If you have a memory of the irradiated plants or the atomic gardens, please add it via the contact form to be included here.

“When I was in 8th grade in 1968, I was assigned a science experiment– and found a place in Tennessee that would send irradiated tomato seeds. I thought they came from Oakridge — but after listening to 99% Invisible, I’m not sure. In any case, I carefully planted those seeds (with a control planter of normal seeds) — and they actually grew and produced tomatoes. I remember eating the irradiated ones. They were just tomatoes — but I swear, their shapes weren’t round, but longer, like an elongated kiwi.

After all these years, I’m still proud of that experiment. It may have been the single most important thing that made me interested in science in a lifelong way.
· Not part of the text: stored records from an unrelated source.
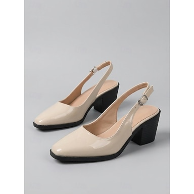 Sapatos de salto bloco nude femininos - calçados profissionais para o escritório e reuniões de negócios. &roupas de trabalho elegantes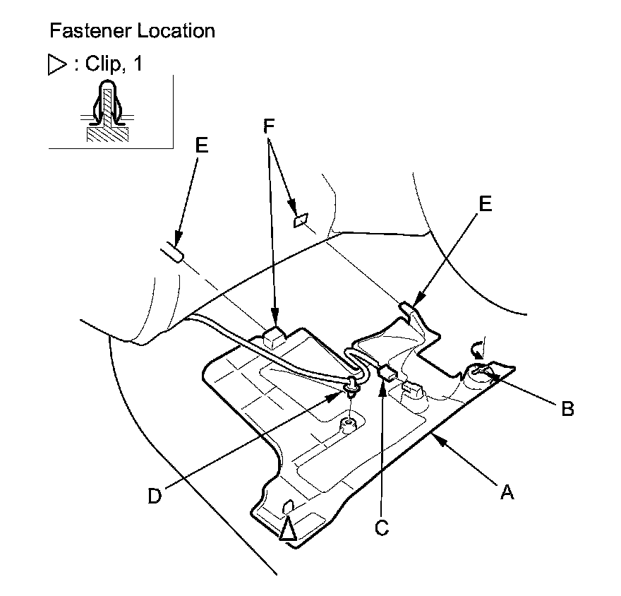 4. Pull the undercover rearward to release the pins (E) from the brackets (F).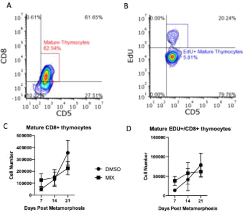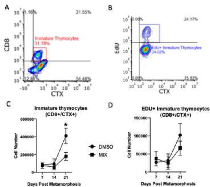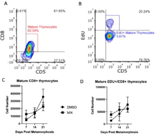 Fig. 3. Quantification of mature medullar thymocytes. Stage 60 X. laevis tadpoles were exposed to 1 μg/L of the mixture for 21 days. At days 7, 14 and 21 post-metamorphosis, froglet thymocytes were evaluated for CD8, CD5 and EdU fluorescence via flow cytometry. Representative gating for the frequency of CD8 + and CD5+ (A) and proliferative EdU + CD8+/CTX + thymocytes (B) are shown. The CD8+/CD5 + thymocytes were then quantified for total cell number (D) and total number of proliferative EdU + CD8+/CD5 + thymocytes (D). N = 4 per group (treatment and timepoints are separate groups), * denotes statistical significance using 2-way ANOVA and Tukey’s post-test.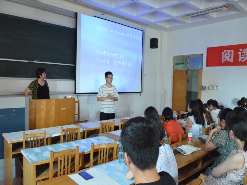 接下来,王梅就《围城》和《边城》两本书做了具体分析。首先,王梅找了几名熟悉《围城》的同学对这本书进行了简要介绍。王梅表示:“围在城里的人想出来,城外的人想冲进去,对婚姻也罢,职业也罢,人生的愿望大都如此”。随后,王梅概括介绍作品作者钱钟书先生的生平,对书中的主人公方鸿渐、唐晓芙、孙嘉柔等人进行性格分析。在老师和同学的热烈讨论中,总结出《围城》一书的亮点表现在其奇妙的语言、辛辣幽默的讽刺意味和精致研究的学者风气。针对书籍《边城》,王梅就情窦朦胧的翠翠、无力回天的爷爷及互相谦让的天保兄弟进行了人物性格分析。她认为《边城》的美展现在空灵剔透的山水之美、心地善良的人性之美、浑然天成的文字之美、伤怀感人的悲剧之美、清新悠远的理想之美五个方面。同学们积极地配合老师,主动地将自己的想法和感受与大家交流讨论,读书会气氛活跃温馨。最后,王梅祝愿同学们心中要少一座围城,多一座希腊小庙,幸福快乐的过好每一天,为梦想努力奋斗。

The story would be better if I had become a scientist– but instead, I became an art professor at IU Southeast. 🙂 (I’m also a gardener.)
Still, I loved growing those tomatoes, carefully measuring and charting their growth every week. I still love science and consider myself an educator that believes in the delight of discovery — whether it’s drawing an image or growing  tomatoes from irradiated seeds. (I also remember being a bit afraid of those plants, not fully understanding that the irradiation caused a mutation in the seeds — and the plant and fruit were fine.)
I dunno — there are those things learned in classes when you’re a kid in school– that excite you and are memorable. If you’re lucky, you become a lifelong learner. ” – Debra Clem

 

 

“In either the 1959-60 or the 1960-61 school year, I was in one of those post-Sputnick “gifted” classes at the Harbor Road Elementary School in Valley Stream, New York . (Now renamed as the Robert W. Carbonaro School).  We were taken on a field trip tour of Brookhaven Labs. All I remember is being impressed by the size of the giant atom splitters. I don’t remember the gardens. We came home with two gifts: one was a little gray cardboard tube, about 4″ long and half-inch in diameter, with a metal screen at one end.  You put your eye to the other end to see flashes of light that we were told were “alpha rays.” I don’t know what was in it to do that or how safe it was (at the same school at another time, we were given little blobs of mercury to play with in our hands.) We also received seeds from Brookhaven  to plant in our classroom in paper cups. I think they were tomato seeds.  I don’t remember mine even sprouting, and if anyone else’s did, it shriveled quickly. The main result of this experience was that as a suburban kid who had no exposure to home gardens, I thought that this was what gardening was all about: this sick idea to plant seeds in order to see if some freak of nature would grow.  I’m 68 now and only in the last few years have come to appreciate what a wonderful and healthy part of life gardening is.  I have told the strange story of the mutated seeds to friends who are gardeners and received shocked responses. I was so glad to hear the 99% Invisible podcast  and get a larger perspective on this experience.  Thanks for having this site, I hope my story is helpful.”  -Maida Tilchen

 

 

“I was the youngest member of the team headed up by Muriel Howorth irradiating and subsequently growing these mutated seeds back in the 1950s.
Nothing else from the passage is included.